#### Aim of the task
Return the entries below verbatim. Pictures stay out.

#### Records provided
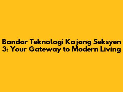 Hey everyone! Today, we're diving deep into Bandar Teknologi Kajang Seksyen 3, a place that's buzzing with opportunities and a fantastic spot to consider if you're looking at property in Malaysia. We'll be exploring everything from its location and the types of properties available to the investment potential and what it's like to actually live there. So, whether you're a seasoned property investor, a first-time homebuyer, or just curious about this area, stick around! Let's get started, shall we?
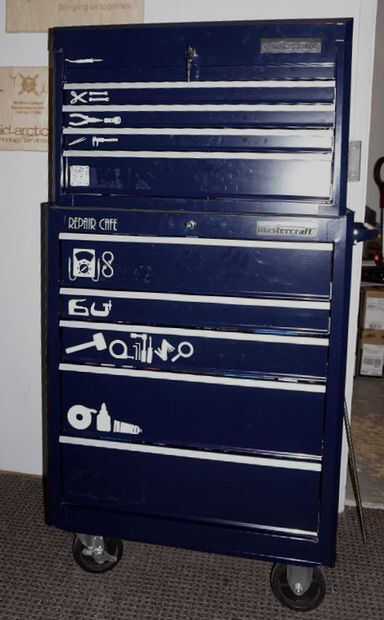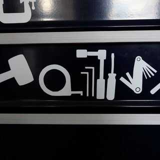 Utilizamos papel de transferencia para aplicar las calcomanías de vinilo adhesivo sobre el pecho de herramienta recién limpiado. Nos aseguramos de poner la herramienta correspondiente en forma de calcomanías en el cajón donde queríamos esa herramienta se encuentra. Esto ayuda a los miembros rápidamente poder saber dónde encontrar ese conjunto de pinzas que necesitan!
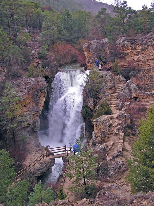 A la salida de Calomarde 3/4 Kms, hacia Albarracín, se encuentra junto a un aparcamiento para latas, a pie de ruta, La Cascada del Viejo Molino..., debe medir unos 18 m de altura y es más que recomendable visitar....
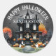 Geben Sie den Gästen jedes Jahr bei einem Halloween-Kostüm-Party oder bei einem lustigen und einfachen Aufkleber ein paar schöne Gastgeschenke. Die Einrichtung besteht aus einem Spuk Haus in Schwarz/Weiß mit orangefarbenen Akzenten aus einem Baum, Kürbissen und Jack-o'-Laternen, die mit Geist- und Fledermausdetails zu einem besonderen Halloween-Charme verströmen. Die Typografie verfügt über einen eleganten Vintagen Grunge Serif-Schriftart, der dem Design ein altes, leicht unheimliches Ambiente verleiht - perfekt für eine Spuk Halloween-Ästhetik. Sie können diesen Aufkleber auch als Umschlag Aufkleber verwenden, um Ihrem Party eine unheilvolle Touch hinzuzufügen. Spaß Niedliche Spooky Spuk House Ghost Bats Orange Black Happy Halloween Party Classic Round Sticker.
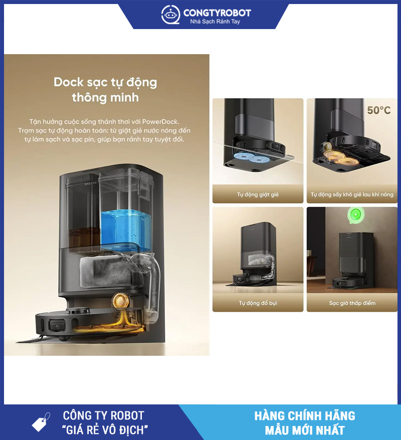 Một trong những giá trị lớn của Robot hút bụi lau nhà Dreame D30 Ultra chính là trạm sạc đa năng PowerDock. Đây không chỉ là nơi robot quay về sạc pin mà còn đóng vai trò là trung tâm hỗ trợ quá trình vệ sinh tự động, giúp giảm bớt đáng kể thao tác thủ công cho người dùng.

#### Task output
 Hey everyone! Today, we're diving deep into Bandar Teknologi Kajang Seksyen 3, a place that's buzzing with opportunities and a fantastic spot to consider if you're looking at property in Malaysia. We'll be exploring everything from its location and the types of properties available to the investment potential and what it's like to actually live there. So, whether you're a seasoned property investor, a first-time homebuyer, or just curious about this area, stick around! Let's get started, shall we?
 Utilizamos papel de transferencia para aplicar las calcomanías de vinilo adhesivo sobre el pecho de herramienta recién limpiado. Nos aseguramos de poner la herramienta correspondiente en forma de calcomanías en el cajón donde queríamos esa herramienta se encuentra. Esto ayuda a los miembros rápidamente poder saber dónde encontrar ese conjunto de pinzas que necesitan!
 A la salida de Calomarde 3/4 Kms, hacia Albarracín, se encuentra junto a un aparcamiento para latas, a pie de ruta, La Cascada del Viejo Molino..., debe medir unos 18 m de altura y es más que recomendable visitar....
 Geben Sie den Gästen jedes Jahr bei einem Halloween-Kostüm-Party oder bei einem lustigen und einfachen Aufkleber ein paar schöne Gastgeschenke. Die Einrichtung besteht aus einem Spuk Haus in Schwarz/Weiß mit orangefarbenen Akzenten aus einem Baum, Kürbissen und Jack-o'-Laternen, die mit Geist- und Fledermausdetails zu einem besonderen Halloween-Charme verströmen. Die Typografie verfügt über einen eleganten Vintagen Grunge Serif-Schriftart, der dem Design ein altes, leicht unheimliches Ambiente verleiht - perfekt für eine Spuk Halloween-Ästhetik. Sie können diesen Aufkleber auch als Umschlag Aufkleber verwenden, um Ihrem Party eine unheilvolle Touch hinzuzufügen. Spaß Niedliche Spooky Spuk House Ghost Bats Orange Black Happy Halloween Party Classic Round Sticker.
 Một trong những giá trị lớn của Robot hút bụi lau nhà Dreame D30 Ultra chính là trạm sạc đa năng PowerDock. Đây không chỉ là nơi robot quay về sạc pin mà còn đóng vai trò là trung tâm hỗ trợ quá trình vệ sinh tự động, giúp giảm bớt đáng kể thao tác thủ công cho người dùng.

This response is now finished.